On the other hand, the Macy’s Thanksgiving Day Parade is one of the most conservative cultural stages in America and is considered a broadcast ritual. This year’s parade set an all-time viewership record with 34.3 million total viewers, an 8% increase from 2024, making it the most-watched entertainment telecast in nearly seven years. It showed strong growth across all demos, especially young viewers. And rightfully so. The performance lineup included millennial music favorites such as Lil Jon, Busta Rhymes, Shaggy, and Gavin DeGraw.
And when nostalgia migrates from niche campaigns to legacy institutions, it’s no longer nostalgia. It’s part of the culture.
A desire to rebuild what worked
Millennials are rebuilding the world they trusted. And they are using media to do it. They aren’t just reviving what they like; they’re rebuilding elements of cultural scaffolding that today’s media landscape is missing based on what they experienced: identity exploration, monocultural moments, taste, and curation—but for a modern, digitally-native audience.
The media revival is an attempt to recreate the conditions in which they formed identity, in hopes that it might translate to younger generations. It’s emotionally driven, not just capitalizing on another trend. It’s not about being referential; it’s about being innovative to drive culture forward, not keep us stuck in the past.
It’s why we’re seeing a resurgence of media formats like magazines and zines. This will also make brands think about distribution and content formats, especially from a marketing perspective. Millennials research, buy, and consume content differently from their predecessors, which means creators and marketers need to think differently about how to reach them.
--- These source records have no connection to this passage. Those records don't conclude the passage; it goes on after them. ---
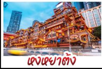
เฉงเฉงาตั้ง

อุทยานหลุมบ่อฟ้า - อุทยานเจนางฟ้า หงหยาดัง - นังรถไฟทะเลลู่ตีก - อุทยานสีดรุณี ปี้เฉิงโกว - สะพานหนานเฉียว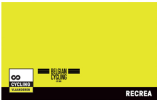
Voorbeeld recreatief lidmaatschap Cycling Vlaanderen

Niet-vergunninghouders (recreanten – mannen en vrouwen) kunnen deelnemen aan deze wedstrijden. Zij zullen steeds opgenomen worden in de einduitslag.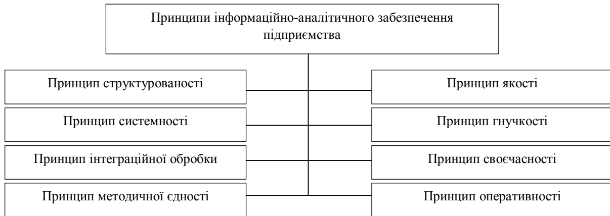
Рисунок 1. Принципи інформаційно-аналітичного забезпечення

Зауважимо, що кожен з перерахованих принципів враховує специфіку функціонування інформаційно-аналітичного забезпечення для створення сприятливих умов ефективного управління результатами діяльності промислового підприємства.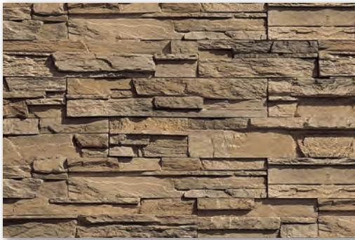
SLS-450 チャコールブラウン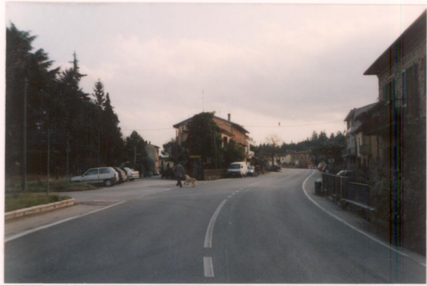
p.v. N. 6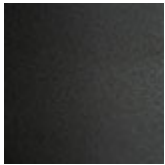
GFM69 goffrato graphite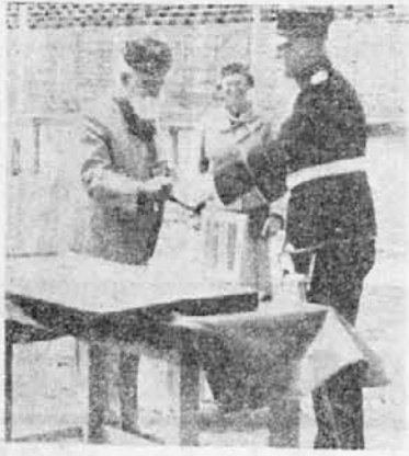
Izlasnik Nj. V. Kralja predaje Kraljev Mač br. Dr. Gavrančiču

grad sa 9,60; 2) Ljubljana sa 9,00 i 3) Ljubljana II sa 8,50 bodova.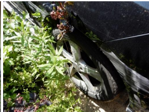
ML 350 (53)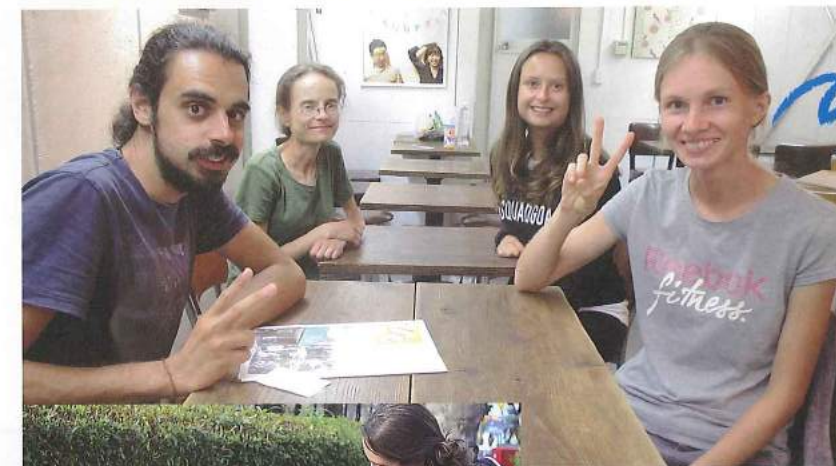
NPO法人眉山大学 外国人ボランティアのみなさん

3ヵ月間徳島に滞在し、徳島市中心部にある「とくしままちなか花ロード」の花壇の整備をされました。夏の日差しのきつい中、花の水やりや除草作業をしていると、子ども達から高齢者の方まで、たくさんの人に「おつかれさま」「ありがとう」と声をかけられてうれしかったそうです。「とくしまが好き」とおっしゃっていました。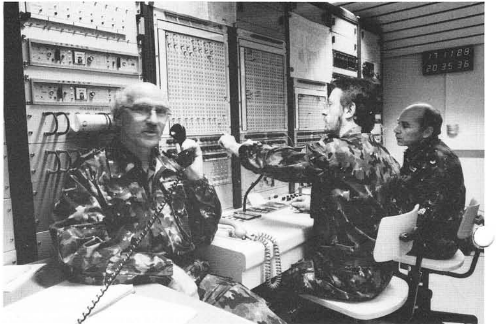
Irgendwann «zwischen Abend und Morgen» wirken, beispielsweise im Schaltraum, auch Spezialisten aus dem Hause Studer. – Wer kann diese erkennen?

Das Radiostudio untersteht der «Abteilung Presse und Funkspruch» (APF) des Eidgenössischen Justiz- und Polizeidepartementes und hat die Aufgabe, in Krisenzeiten – sollten die normalen Rundfunkstudios nicht mehr arbeitsfähig sein – die Versorgung der Schweiz mit Radioinformationen sicherzustellen. Dafür ist eine vollständige Infrastruktur entwickelt, aufgebaut und über die letzten Jahrzehnte laufend den neuesten Erkenntnissen angepasst worden. Grundsätzlich wird dabei zwischen mobilen und stationären Systemen unterschieden, wobei zu den letzteren auch verschiedene Sendeanlagen für UKW-, Mittel- und Kurzwellausstrahlung zählen.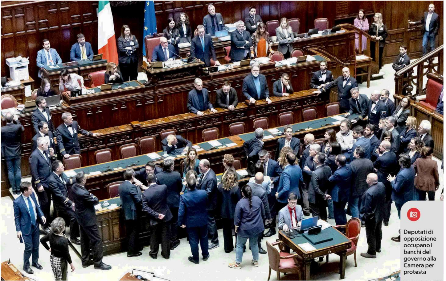
Deputati di opposizione occupano i banchi del governo alla Camera per protesta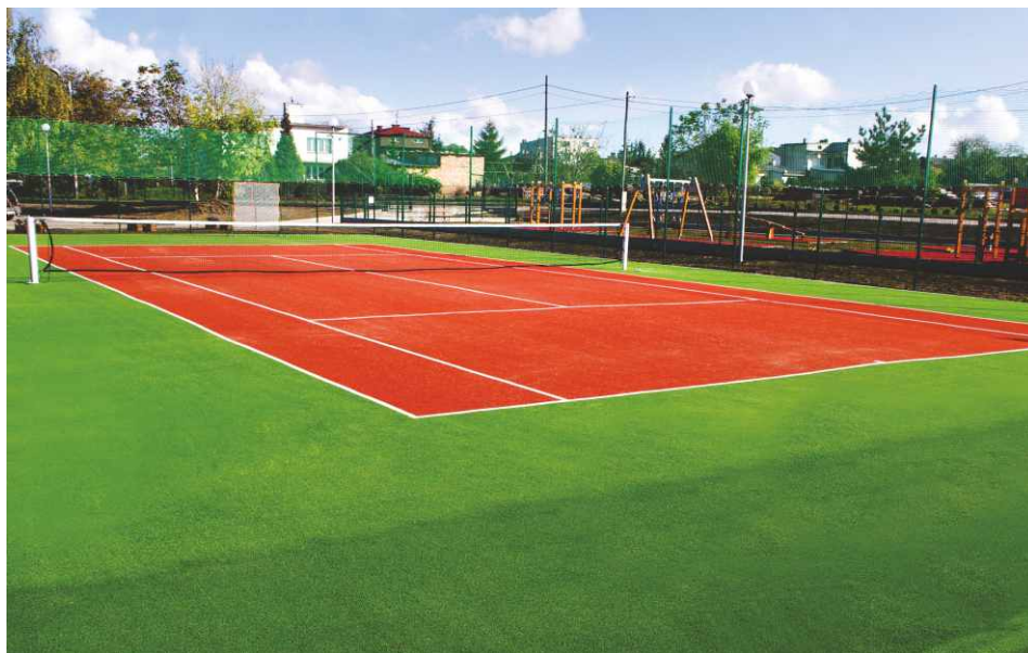
Kort tenisowy posiada nawierzchnię ze sztucznej trawy.

wielofunkcyjny zestaw sprawnościowy. Co ważne, każdy zestaw zabawowy na placu zabaw ma dostosowaną do niego strefę bezpieczeństwa pokrytą warstwą amortyzacyjną, wykonaną z poliuretanu, która chroni dzieci przed urazami w razie upadku.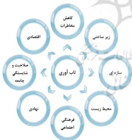
شکل شماره ۱: ابعاد تاب‌آوری [۷]

آنها سنجیده می‌شود. به منظور نشان‌دادن کاربرد شاخص تاب‌آوری دو حالت به عنوان مثال را فرض می‌شوند. در منطقه A برآورد شده است که زیرساخت حمل و نقل به میزان ۴۵ درصد در برابر زلزله تاب‌آور است و تأثیر وجود بیمه ۳۵ درصد است. با صرف هزینه X تاب‌آوری زیرساخت حمل و نقل به ۵۵ درصد و تأثیر وجود بیمه ۸۰ درصد و با صرف هزینه Y تاب‌آوری زیرساخت حمل و نقل به ۸۰ درصد و تأثیر وجود بیمه ۴۵ درصد رسیده است. براین اساس با محاسبه شاخص تاب‌آوری پیشنهاد شده، حالت X به میزان ۱۳ درصد و حالت Y به میزان ۳۰ درصد تاب‌آوری کلی شهر را افزایش می‌دهند. لذا با در نظر گرفتن هزینه اجرای استراتژی‌ها و میزان بهبود تاب‌آوری می‌توان استراتژی بهینه را برای افزایش تاب‌آوری شهری به دست آورد.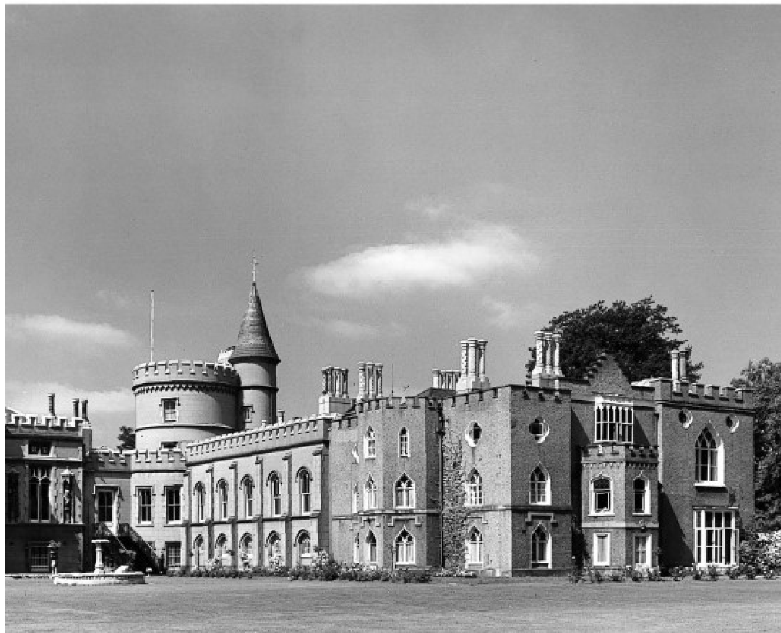
O veastă concepție privind frumusețea domestică Horace Walpole, Strawberry Hill, Twickenham, 1750–1792

(mai ales) cavaleri în armură. Walpole a decis așadar să-și construiască prima casă gotică din lume.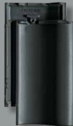
SKIFERSORT ENGOBERET Glansværdi 2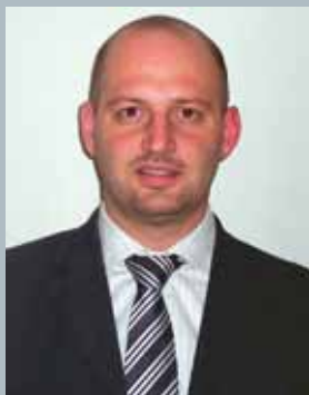
A cura dell'Assessore Camillo Bertocchi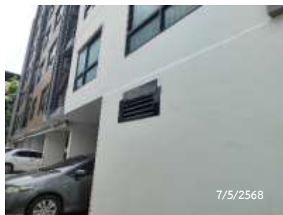
ช่องระบายอากาศ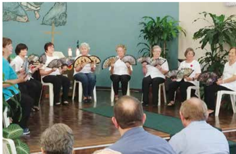
O grupo de Dança Sênior apresentou-se durante o encontro de Pastoral do Idoso do Núcleo Joinville, na Cristo Redentor.

A palmeira é uma árvore altamente resistente ao solo seco e árido. É uma árvore que resiste de modo bastante interessante às fortes rajadas de vento, tão frequentes nas regiões do Oriente. Ela curva-se de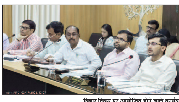
बिहार दिवस पर आयोजित होने वाले कार्यक्रम की तैयारी को लेकर बैठक करते डीएम।

मुजफ्फरपुर (एनएसबी)। बिहार दिवस के अवसर पर 22 मार्च को स्थानीय शहीद खुदीराम बोस स्टेडियम में भव्य एवं आकर्षक समारोह का आयोजन किया जाएगा। इस वर्ष समारोह को खास बनाने के लिए तीन दिवसीय कार्यक्रम की रूपरेखा तैयार की गई है, जिसमें सांस्कृतिक, शैक्षणिक, खेलकूद एवं जनकल्याणकारी गतिविधियों का समावेश किया गया है। समारोह के सफल एवं सुचारु आयोजन के लिए जिलाधिकारी की अध्यक्षता में बैठक की गई तथा कार्यक्रम को सफल बनाने के लिए विभिन्न स्तरों पर समन्वय समिति स्थापित की गई है। समारोह का शुभारम्भ 22 मार्च की सुबह प्रभात फेरी के साथ होगा। इस प्रभात फेरी में जिले के विभिन्न विद्यालयों के छात्र-छात्राएँ, प्रशासनिक पदाधिकारी, कर्मचारी तथा शहर के आम नागरिक बड़-चढ़कर हिस्सा लेंगे। प्रभात फेरी के माध्यम से लोगों में बिहार दिवस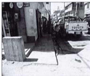
Cruce Av. El Salvador y Mariscal Cáceres. Se encuentra en proceso de deterioro de sus partes y elementos de

OBRA: "MEJORAMIENTO Y REHABILITACION DE LA AV. MARISCAL CÁCERES DE LA INTERSECCIÓN GUERRADA TAJAHUAYCO-JR. FAUCETT ULTIMA CUADRA, DISTRITO DE AYACUCHO, PROVINCIA DE HUAMANGA – AYACUCHO".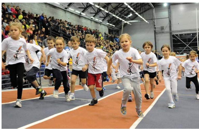
Elites sportistu startus tradicionāli ievadīja bērnu skrējienā, veicot goda apli.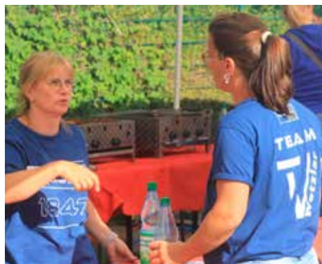
Aktive beim Catering (Wetzlar in Motion / 175 Jahre TVW)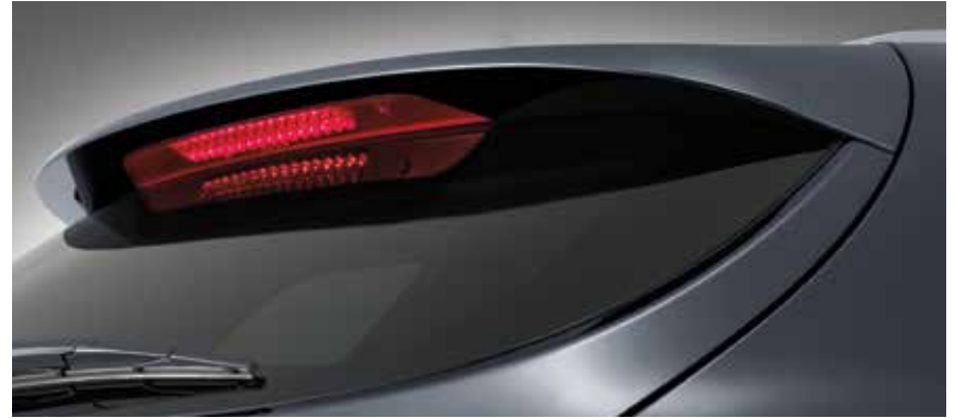
Heckspoiler mit integriertem Bremslicht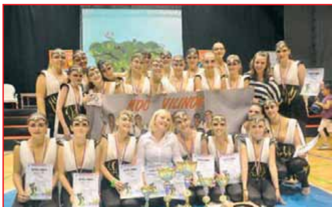
V Mikiju je kar nekaj deklet iz našega kraja.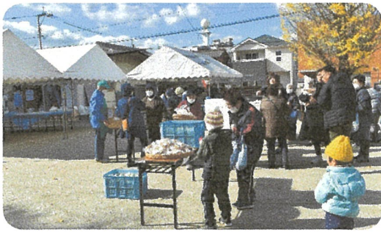
販売への準備中です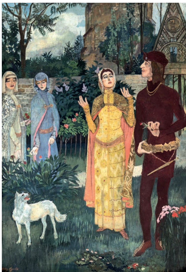
Királyasszony néném II. (1908)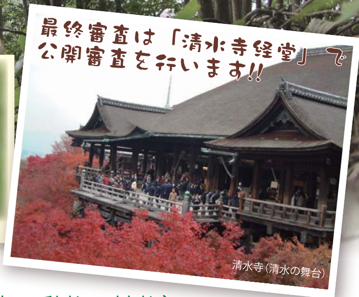
清水寺(清水の舞台)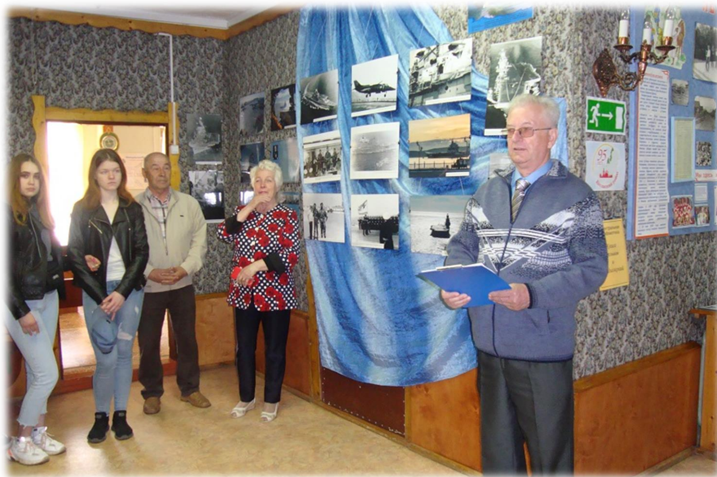
Центральная библиотека: открытие фотовыставки «Адмирал Кузнецов: море и небо» и филателистической выставки «Судьба, беспокойная, как море»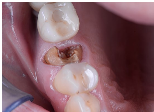
Slika 11. Zub koji nema adekvatnu retencijsku površinu i zahtijeva izradu nadogradnje.

postupak koristi eukaliptol za otapanje gutaperke. Termički postupak uklanja gutaperku zagrijanim instrumentom. Mehanički postupak koji je najčešće korišten, koristi svrdla s nerezucim vrhom, poput Gates-Glidden i Peeso svrdala. Ovaj postupak zahtijeva najveću pažnju zbog rizika od perforacije korijena. Uvijek se započinje s manjim svrdlima i postupno se povećava veličina kako bi se izbjeglo preveliko zagrijavanje korijenskog kanala jer se prilikom rotacije svrdla oslobađa toplina. Važno je ispravno odrediti duljinu kanala jer se tijekom preparacije ostavlja oko 4 mm gutaperke, što služi kao apikalni stop. Time se osigurava dobro brtvljenje kanala, sprečavajući ulazak bakterija prema vrhu korijena. Međutim, ovo je u sukobu s pravilom o retenciji, jer je retencija bolja s duljim intrakanalnim dijelom nadogradnje. Širina nadogradnje trebala bi biti oko trećine ukupne širine korijena. Kod preparacije za nadogradnju treba se sačuvati što više cervikalnog tvrdog zubnog tkiva. Pokazalo se da 1 – 2 mm tvrdog zubnog tkiva supragingivno smanjuje rizik od frakture korijena. To se naziva efekt obruča, a ako ga nije moguće postići preparacijom, pristupa se ortodontskoj ekstruziji zuba ili produljenju kliničke krune (36). Intraradikularni dio nadogradnje kod višekorijenskih zuba se postavlja u veći korijen, kod donjih zuba to je distalni, a kod gornjih palatinalni korijen (21).

This means experimenting with different content formats such as podcasts, newsletters, and YouTube.
Gen Z is already responding well to this type of media. They want slow media. They want to be offline and in third spaces. They’re taking an interest in analog media. They want storytelling. They’re craving something that feels more human, authentic, and real.
For millennials, it feels familiar. But for Gen Z, this revival represents what the future of media could look like, a place where being online and consuming content can be fun rather than a borderline public health hazard riddled with burnout, brainrot, and self-esteem issues. With millennials in power, Gen Z and Gen Alpha finally have a chance to experience what media was like before the algorithm.